Montech was horrid in appearance. He looked sick and tired, his eyes were bulged and red, as if he hadn’t slept for days because he was too busy crying. Yet he seemed revived by the Parish’s visit.

The poor farmer took him over to the place he had piled his children. Four girls and one boy, all dead and rotting, one of them covered in those repulsive purple skin stains. Pierre Lunel de Montech immediately burst into tears at the sight of his children. He fell on his knees and began sobbing uncontrollably, occasionally releasing loud piercing shrieks that struck the Parish’s soul. He had never seen a grown man cry in such a manner, with such desolation, with such hopelessness, with such incredible rage.

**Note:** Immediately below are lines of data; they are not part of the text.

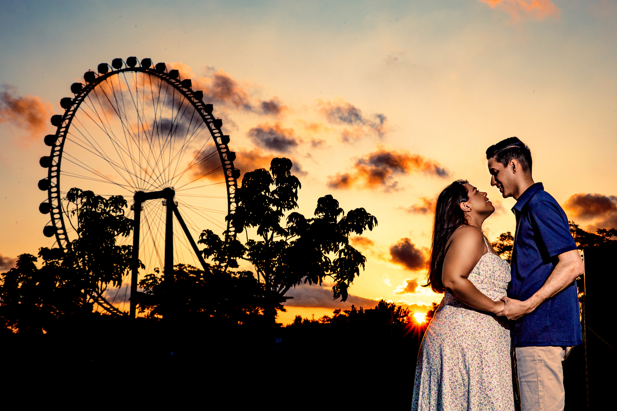 O ensaio de Pre Wedding de Camila e André no Parque Villa Lobos foi um dia de pura emoção e romance. Começando em um jardim florido, capturamos a leveza e cumplicidade do casal em meio à natureza. Depois, em um piquenique ao ar livre, os momentos de intimidade e descontração resultaram em fotos cheias de carinho. O ápice foi ao pôr do sol, com a roda gigante ao fundo, criando imagens de pura magia. Para finalizar, o carrossel trouxe um toque encantador e nostálgico. O Parque Villa Lobos oferece cenários perfeitos para ensaios pré-wedding únicos e emocionantes, e como fotógrafo de casamento, minha missão é eternizar esses momentos especiais.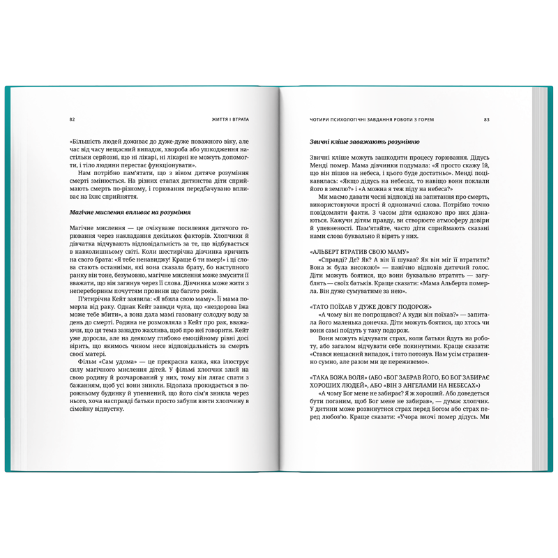 Книжка Лінди Ґолдмен є грунтовним посібником, який надасть дорослим і розуміння, і словник, як говорити з дітьми про горе. Книжка пропонує широкий спектр варіантів і технік, як можна підтримати дитину, а також велику кількість історій зцілення, які підкажуть дорослим і дітям, як рухатися далі крізь горе.
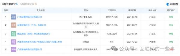 据媒体报道,她关联5家企业,其中4家为存续状态,包括广州赫曼网络科技有限公司、瑟曼网络科技(广州)有限公司等。她通过直接或间接持股,拥有多家企业实际控制权。

He knelt beside the corpses and began his prayer. It was of course in Latin, and the poor farmer, who barely spoke French, could not have possibly understood it. Yet as soon as it began his eyes lit up with hope, the thought of his little angels going to heaven somehow made it all a little more bearable. The Parish saw this hope and felt both pity and envy for the poor man. He now knew this hope to be false, yet it was the only comfort the man would receive during the rest of his life. If not as a servant of the God who’d forgotten them, then at least as a person it was his duty to help relieve this man of his pain as much as he could. And so he continued the prayer as the farmer’s tears of sadness turned into those of bittersweet joy.

“It is not under God we are all equal” though the Parish to himself as he continued the prayer, “it is under death we are all the same”.